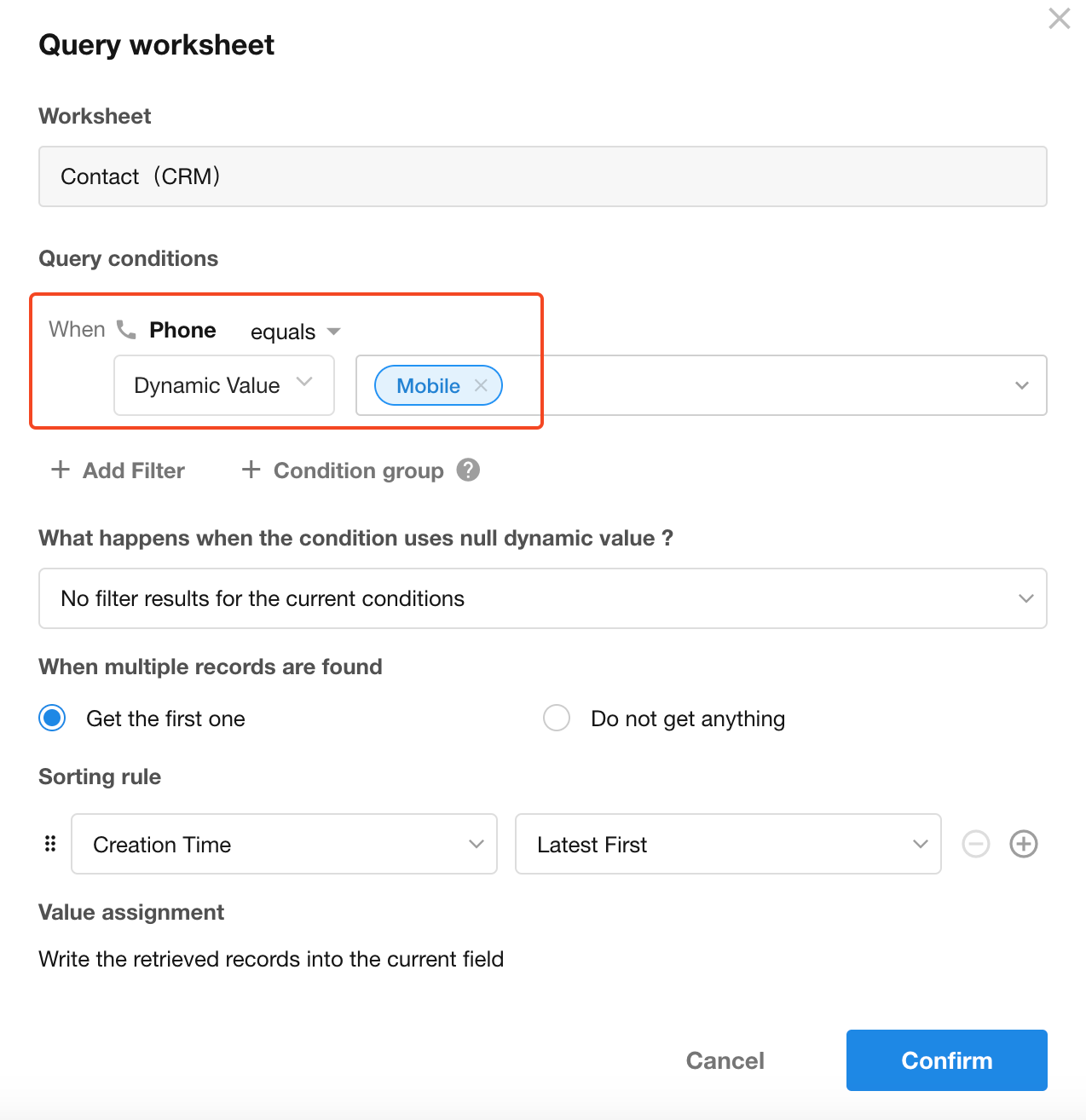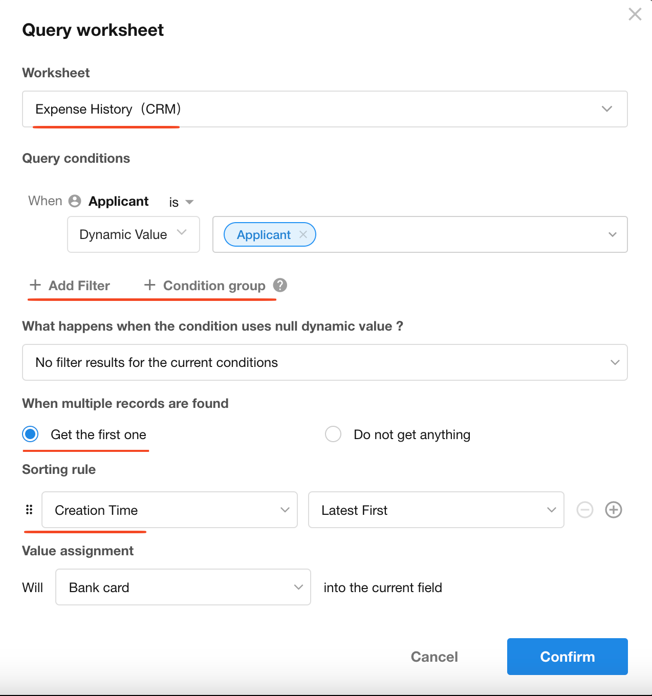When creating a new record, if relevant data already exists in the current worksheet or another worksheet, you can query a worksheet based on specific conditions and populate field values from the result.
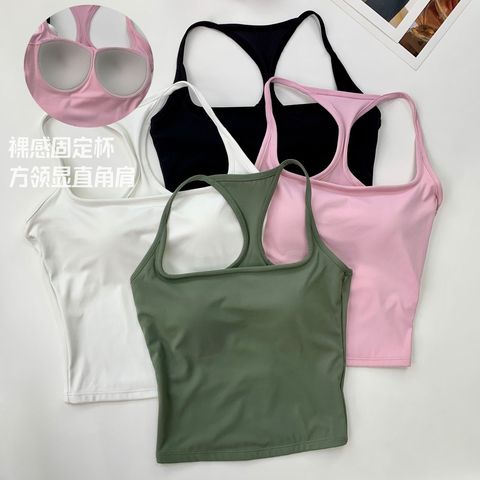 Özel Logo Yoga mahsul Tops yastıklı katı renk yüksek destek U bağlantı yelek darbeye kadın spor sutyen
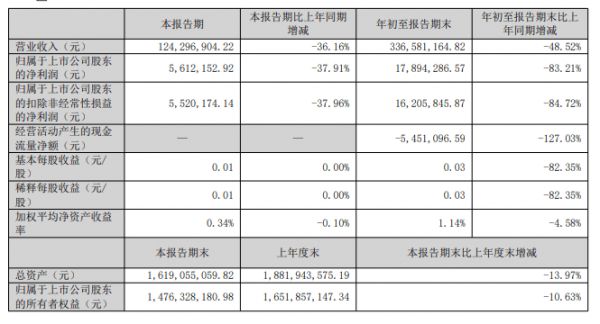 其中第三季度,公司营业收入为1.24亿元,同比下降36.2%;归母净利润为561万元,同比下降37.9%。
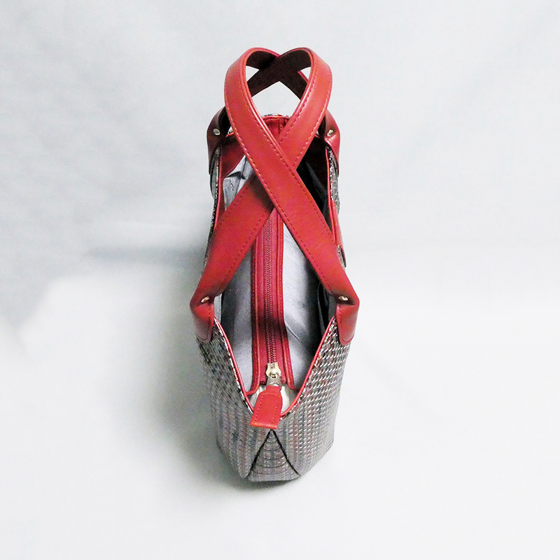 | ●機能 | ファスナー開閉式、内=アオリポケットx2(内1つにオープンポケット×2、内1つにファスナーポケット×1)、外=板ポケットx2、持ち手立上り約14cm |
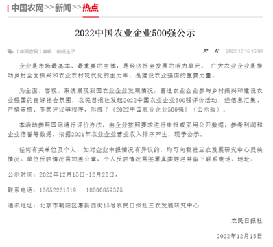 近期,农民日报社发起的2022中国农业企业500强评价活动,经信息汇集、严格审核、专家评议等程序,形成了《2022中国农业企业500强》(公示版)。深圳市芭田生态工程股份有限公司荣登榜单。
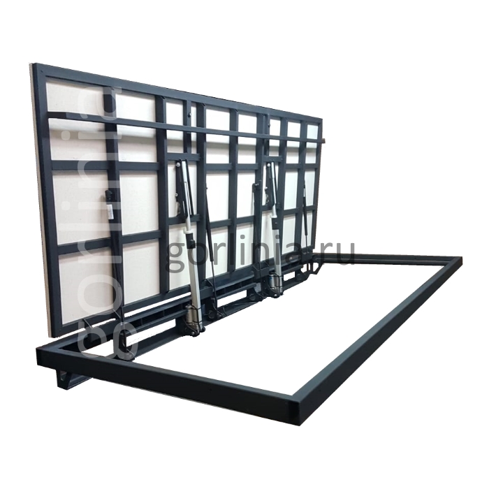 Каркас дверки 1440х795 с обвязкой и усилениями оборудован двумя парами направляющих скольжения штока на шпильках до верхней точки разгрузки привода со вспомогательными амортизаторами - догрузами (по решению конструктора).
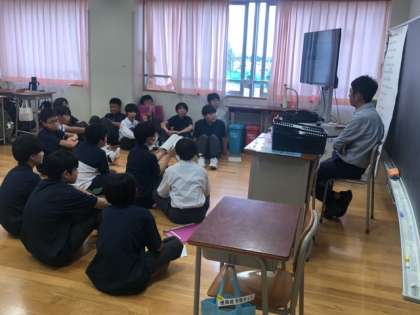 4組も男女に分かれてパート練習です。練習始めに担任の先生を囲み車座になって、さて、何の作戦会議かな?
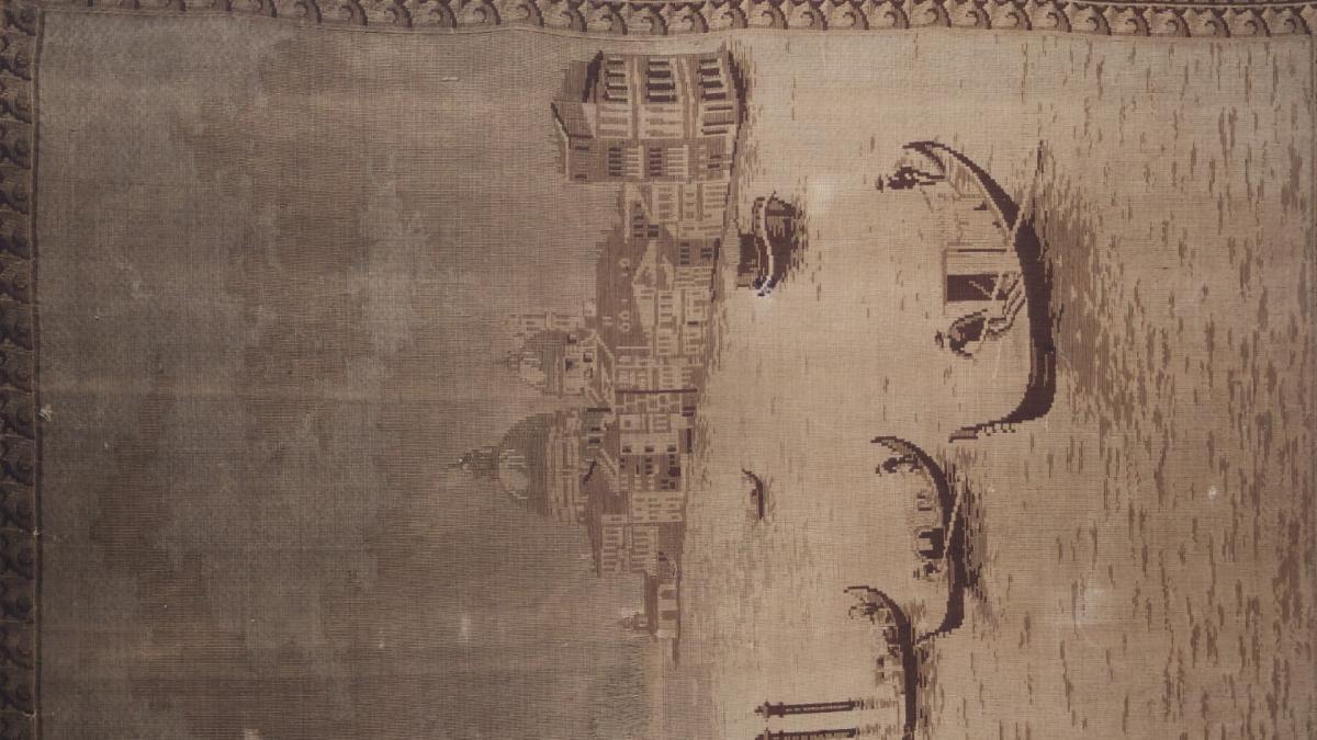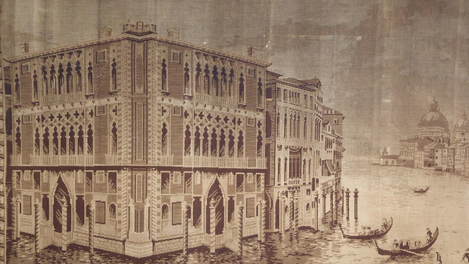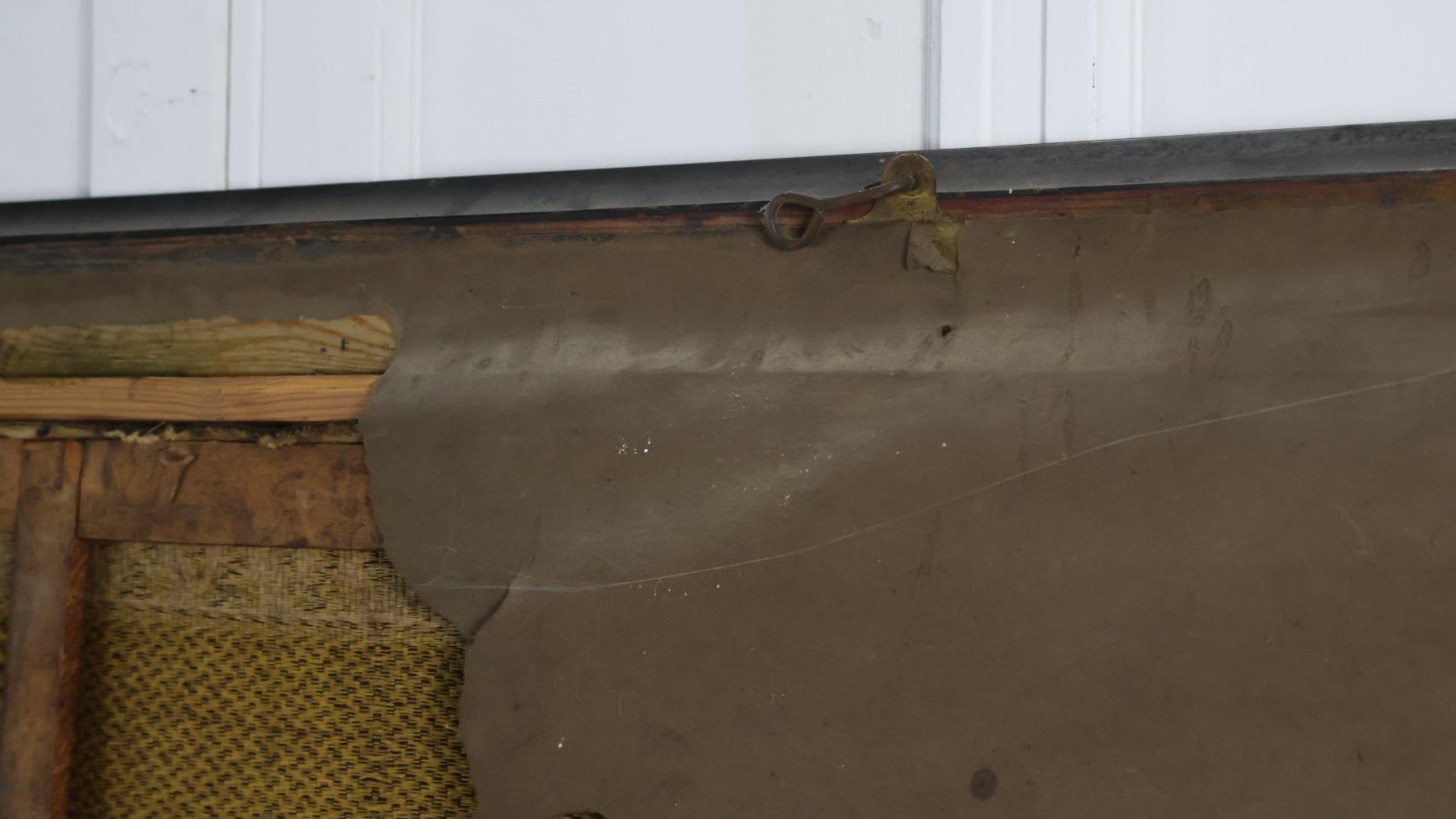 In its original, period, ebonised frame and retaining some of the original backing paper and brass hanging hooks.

****

- **What you are asked to do**: Everything above should be given again exactly, apart from the pictures.

- **Reply**:
When creating a new record, if relevant data already exists in the current worksheet or another worksheet, you can query a worksheet based on specific conditions and populate field values from the result.
 Özel Logo Yoga mahsul Tops yastıklı katı renk yüksek destek U bağlantı yelek darbeye kadın spor sutyen
 其中第三季度,公司营业收入为1.24亿元,同比下降36.2%;归母净利润为561万元,同比下降37.9%。
 | ●機能 | ファスナー開閉式、内=アオリポケットx2(内1つにオープンポケット×2、内1つにファスナーポケット×1)、外=板ポケットx2、持ち手立上り約14cm |
 近期,农民日报社发起的2022中国农业企业500强评价活动,经信息汇集、严格审核、专家评议等程序,形成了《2022中国农业企业500强》(公示版)。深圳市芭田生态工程股份有限公司荣登榜单。
 Каркас дверки 1440х795 с обвязкой и усилениями оборудован двумя парами направляющих скольжения штока на шпильках до верхней точки разгрузки привода со вспомогательными амортизаторами - догрузами (по решению конструктора).
 4組も男女に分かれてパート練習です。練習始めに担任の先生を囲み車座になって、さて、何の作戦会議かな?
 In its original, period, ebonised frame and retaining some of the original backing paper and brass hanging hooks.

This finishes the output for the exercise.